Luann and Jerry looked at each other. Then Luann pinched the bridge of nose, shaking her head. I was to the point of tears. I tried to tell myself that I wasn't affected, but no matter what, I was still star struck. Only one tear fell down my face, the rest faded away.

"Ann, do you need a break?" Jerry asked, placing a hand on my shoulder.

Startled by his touch I looked up at him. "That's not necessary." I puffed out more vapor, watching it roll then fade. "I can go on."

...

It has been an hour since we were in the car. I convinced Jeanie to let me stay in the back seat with Christi. The poor girl was in my lap, curled up and asleep. She had dried tears and bruises all over her.

"I'm sorry."

I looked towards the drivers side."excuse me?" I asked

"I said I'm sorry." Jeanie said. Glancing back at me threw the mirror.

"For what exactly?" I raised an eyebrow.

?

"For you getting dragged in this." She said.

"I don't understand how you could even do this? Ive known you for forever Jeanie.." i looked down at Christi.

"When we get back to my house... you will under stand."

She stopped focusing on me and I continued to look out the window. Wondering if my dad is worried. I wonder what it's going to be like if he never sees me again. Will he be upset? what will my mother think?..

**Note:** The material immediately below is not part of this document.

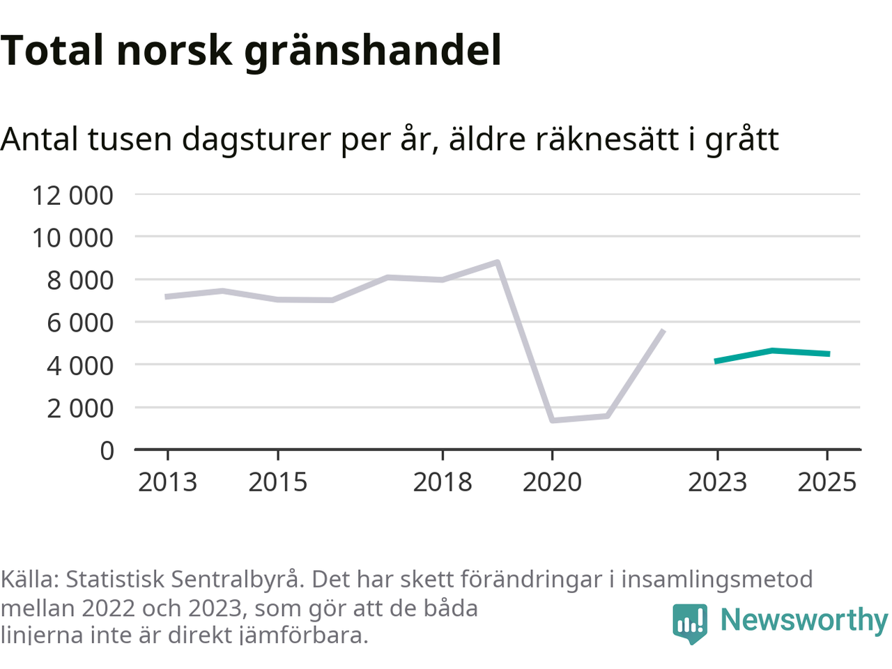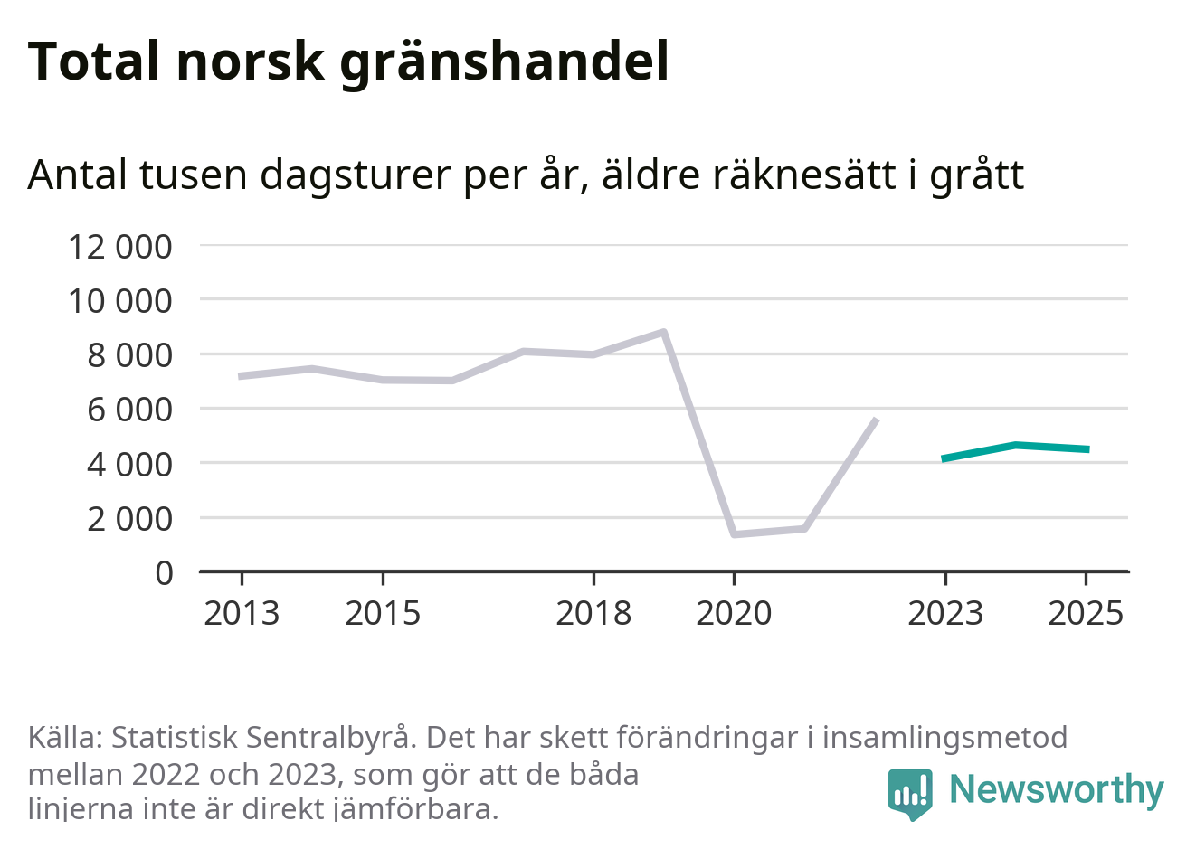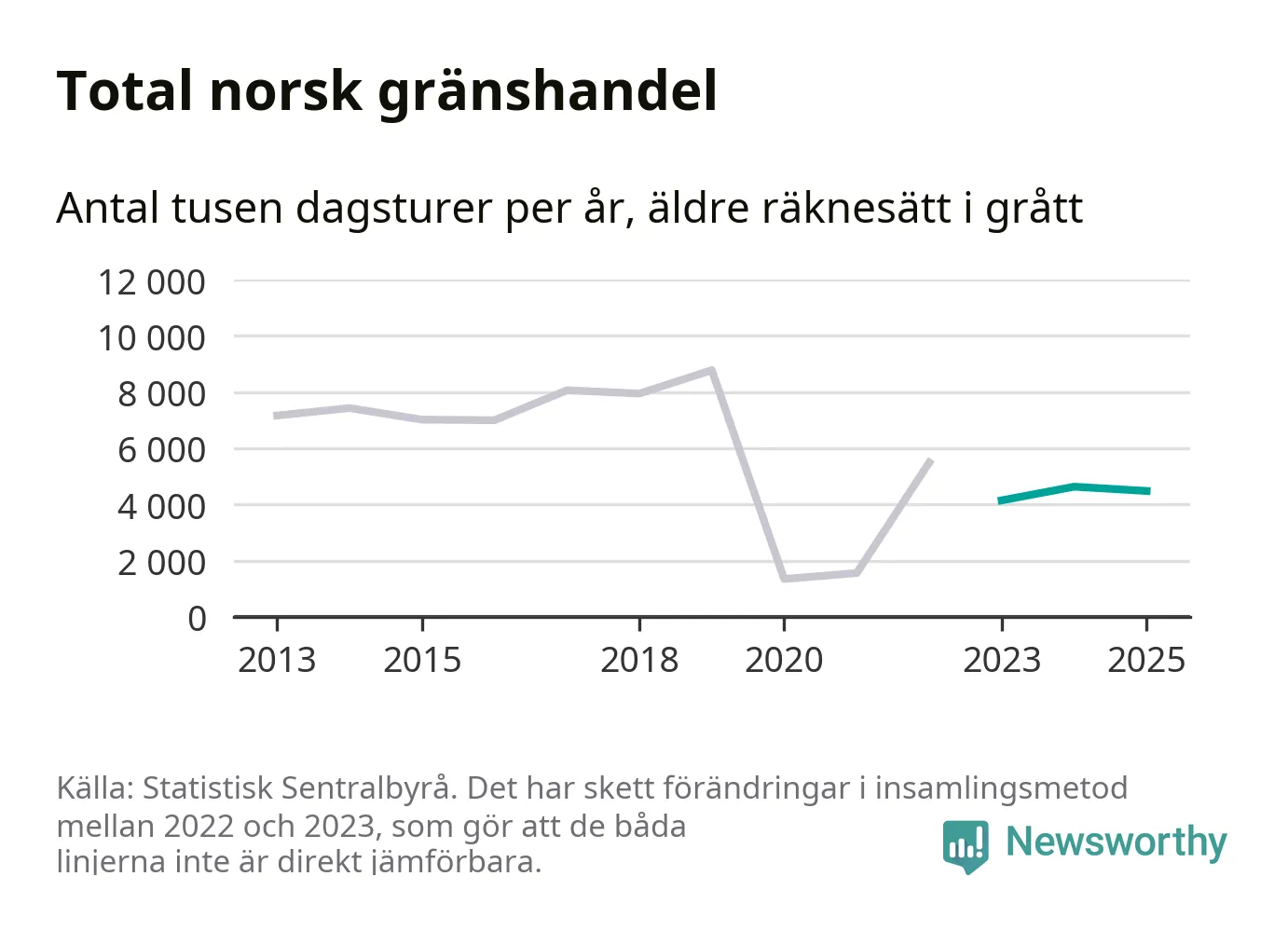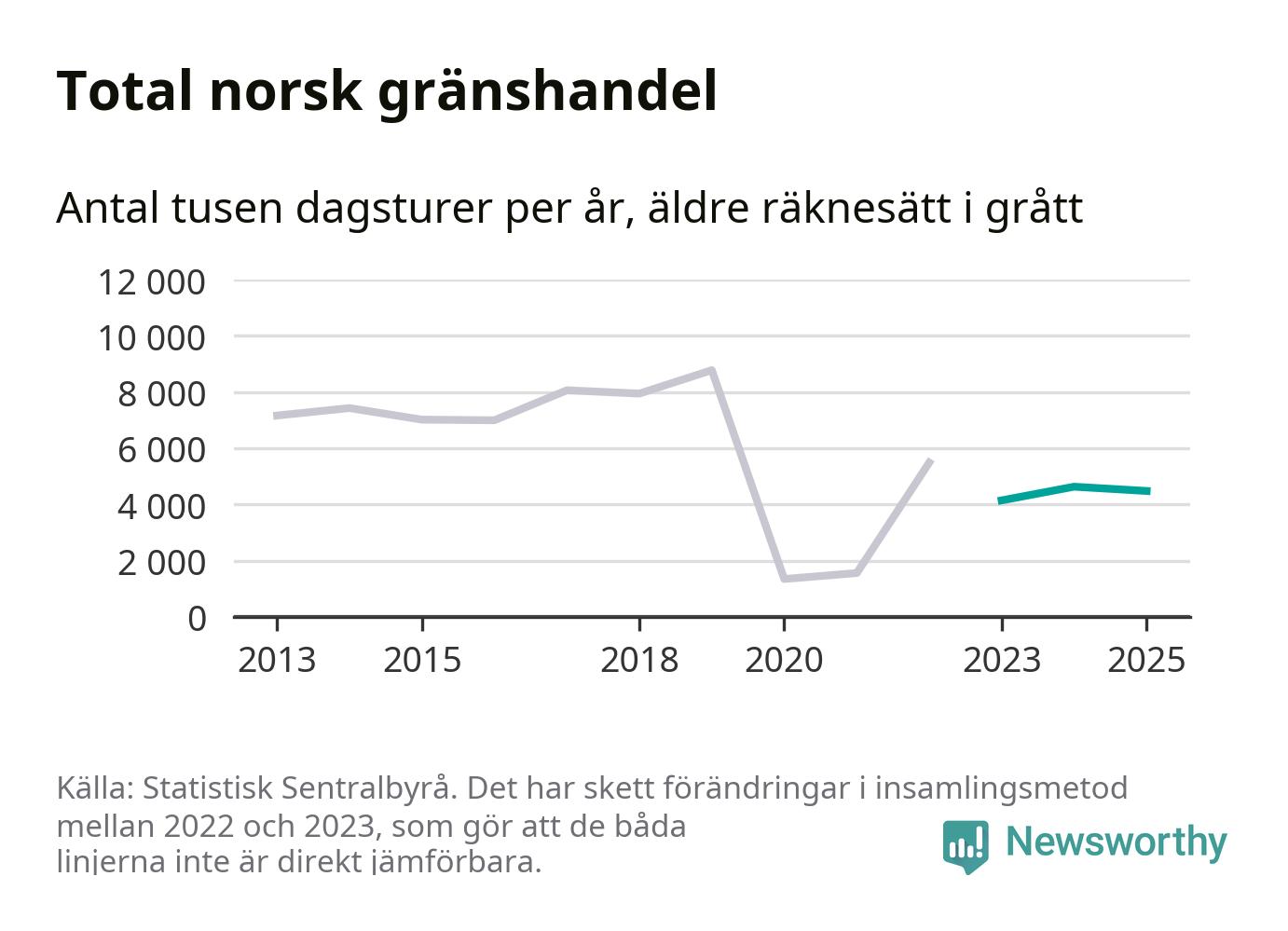 Den norska statistiken över gränshandel bygger på en enkätundersökning till invånare över hela Norge, och mellan 2022 och 2023 gjordes en stor ändring i hur den undersökningen genomförs. Det gör att de senaste årens siffror inte går att jämföra med tidigare år, och det är alltså svårt att med säkerhet säga om och när handeln helt återhämtat sig efter pandemin. Enligt SSB har den tidigare undersökningsmetoden troligen överskattat handeln.

I sighed to myself, she wouldn't care. That's one less child she'd have to take care of. In total, my mom had three kids. There was me, and the twins, Monique and Jasper. They're my half siblings, and accident that once again, pushed my mother into more deep anger.

Monique and Jasper are 12 now, unfortunately, they don't know who their father is. They are forced to be stuck and abused by my mother. My dad wanted to take them in when he got finally custody of me, but mother decided to care for once. She fought for them and claimed full custody. I was the highlight when I went to my mothers house, they loved to play with me. Id also take them out to ice cream when mother went on a rampage. But now, they'll never see me again...

Tears started dripping down my cheeks. My dad always told me that silent tears are worse. He says that without sound of sobs, a person cannot be expressed. I didn't care about expressing anymore, I wanted out of life. Everything I've seen has led to much more scaring then I'd like to further witness.

"We're here." Jeanie said.

We pulled up to an old country house in the middle of nowhere. I wasn't ready for the truth. I wasn't ready for anything. Holding Christi tightly in my arms, I walked up to the house. May the next horror, possibly be my last.